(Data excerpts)
□ □ □ □

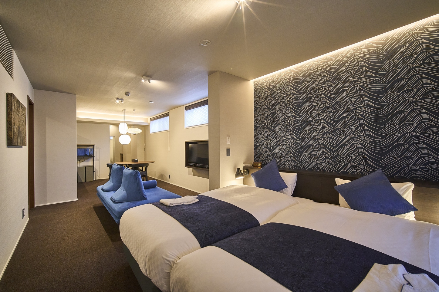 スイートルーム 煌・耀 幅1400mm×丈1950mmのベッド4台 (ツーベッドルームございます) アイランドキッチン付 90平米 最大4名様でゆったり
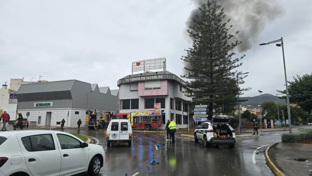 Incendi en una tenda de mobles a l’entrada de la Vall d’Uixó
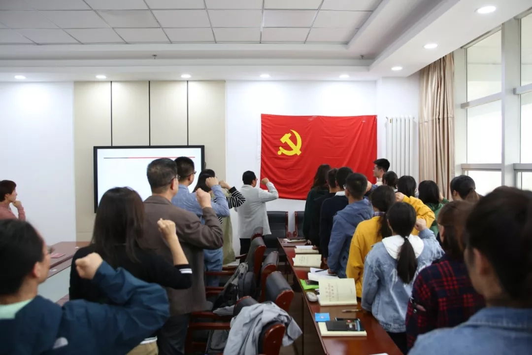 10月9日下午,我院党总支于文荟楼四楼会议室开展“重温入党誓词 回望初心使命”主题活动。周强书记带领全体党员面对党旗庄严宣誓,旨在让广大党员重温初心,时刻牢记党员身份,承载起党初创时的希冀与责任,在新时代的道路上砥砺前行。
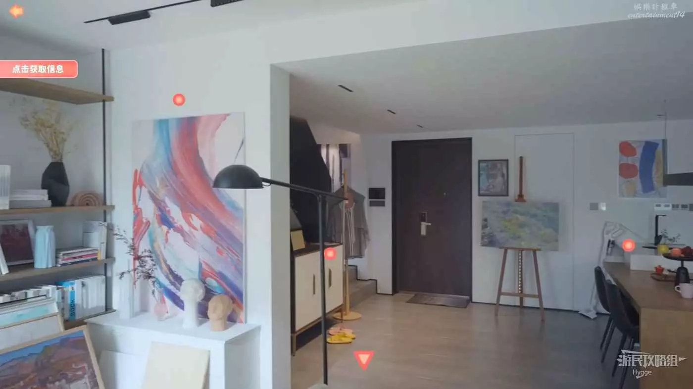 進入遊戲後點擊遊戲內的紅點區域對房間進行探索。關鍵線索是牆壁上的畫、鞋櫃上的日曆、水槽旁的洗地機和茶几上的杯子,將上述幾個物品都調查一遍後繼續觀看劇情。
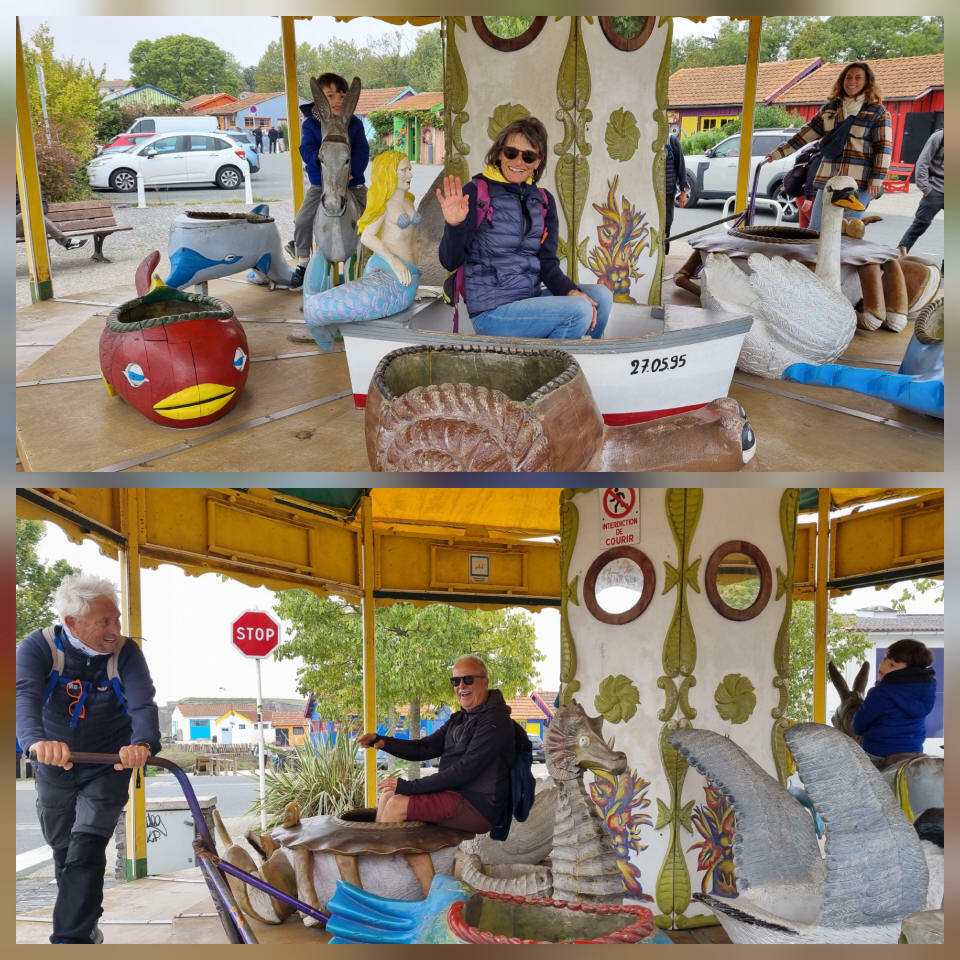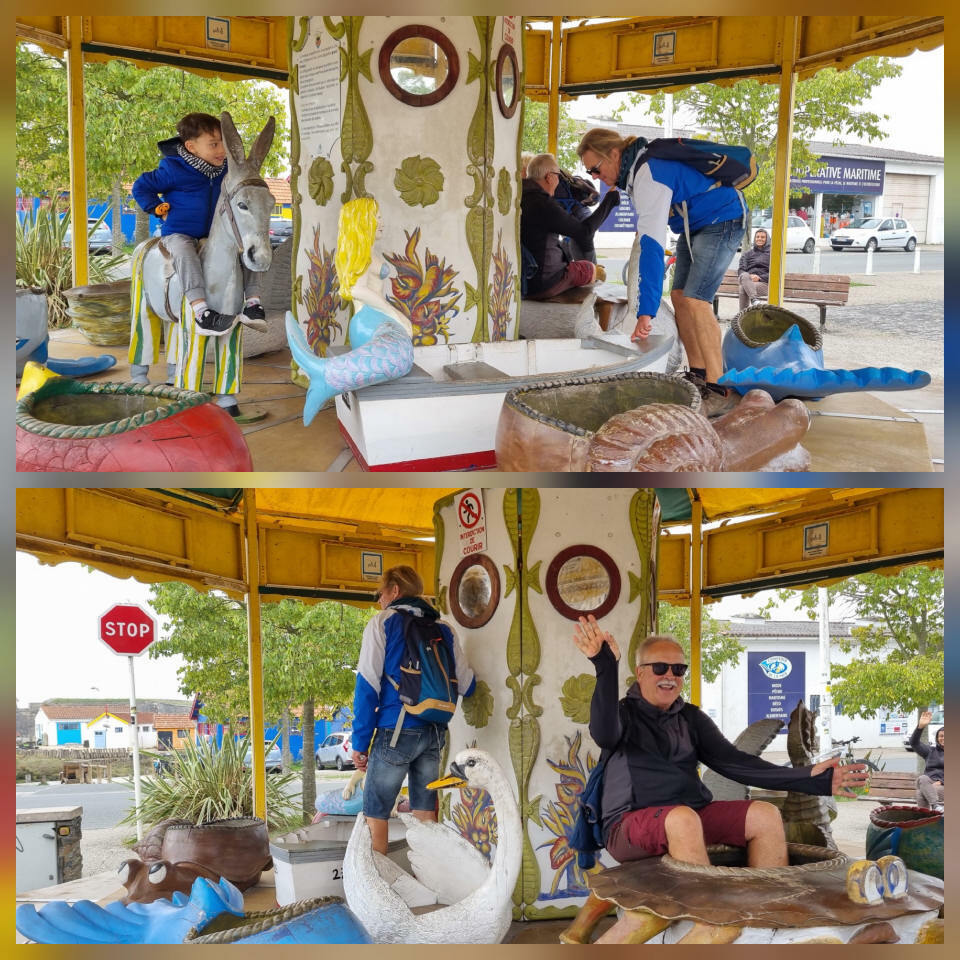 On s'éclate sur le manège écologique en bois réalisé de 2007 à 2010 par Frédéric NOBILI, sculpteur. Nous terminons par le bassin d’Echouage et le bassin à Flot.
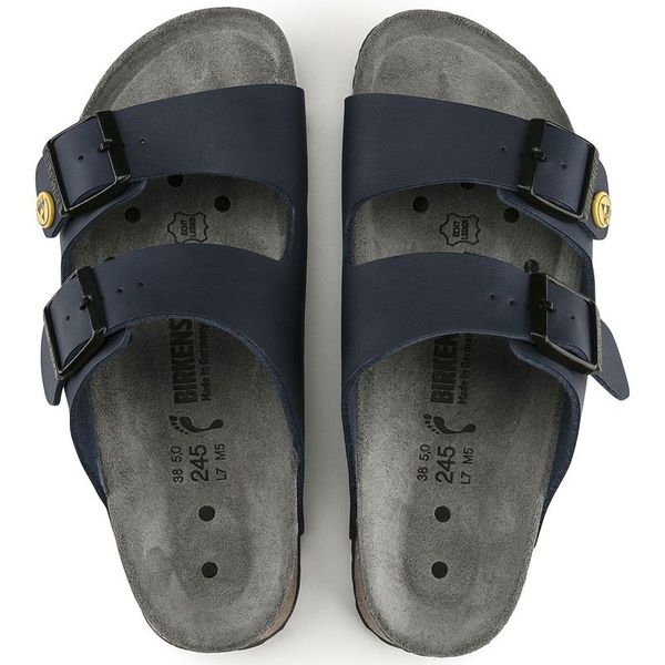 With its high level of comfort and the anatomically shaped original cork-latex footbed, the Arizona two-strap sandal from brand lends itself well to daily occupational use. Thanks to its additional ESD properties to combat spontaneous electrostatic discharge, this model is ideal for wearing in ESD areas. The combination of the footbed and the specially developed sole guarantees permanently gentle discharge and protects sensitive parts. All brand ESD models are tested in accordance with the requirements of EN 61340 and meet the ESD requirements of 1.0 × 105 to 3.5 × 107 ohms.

□ □ □ □

● Exercise description
Write each entry again exactly, minus any images.

● Answer for this exercise
 スイートルーム 煌・耀 幅1400mm×丈1950mmのベッド4台 (ツーベッドルームございます) アイランドキッチン付 90平米 最大4名様でゆったり
 Incendi en una tenda de mobles a l’entrada de la Vall d’Uixó
 10月9日下午,我院党总支于文荟楼四楼会议室开展“重温入党誓词 回望初心使命”主题活动。周强书记带领全体党员面对党旗庄严宣誓,旨在让广大党员重温初心,时刻牢记党员身份,承载起党初创时的希冀与责任,在新时代的道路上砥砺前行。
 進入遊戲後點擊遊戲內的紅點區域對房間進行探索。關鍵線索是牆壁上的畫、鞋櫃上的日曆、水槽旁的洗地機和茶几上的杯子,將上述幾個物品都調查一遍後繼續觀看劇情。
 On s'éclate sur le manège écologique en bois réalisé de 2007 à 2010 par Frédéric NOBILI, sculpteur. Nous terminons par le bassin d’Echouage et le bassin à Flot.
 With its high level of comfort and the anatomically shaped original cork-latex footbed, the Arizona two-strap sandal from brand lends itself well to daily occupational use. Thanks to its additional ESD properties to combat spontaneous electrostatic discharge, this model is ideal for wearing in ESD areas. The combination of the footbed and the specially developed sole guarantees permanently gentle discharge and protects sensitive parts. All brand ESD models are tested in accordance with the requirements of EN 61340 and meet the ESD requirements of 1.0 × 105 to 3.5 × 107 ohms.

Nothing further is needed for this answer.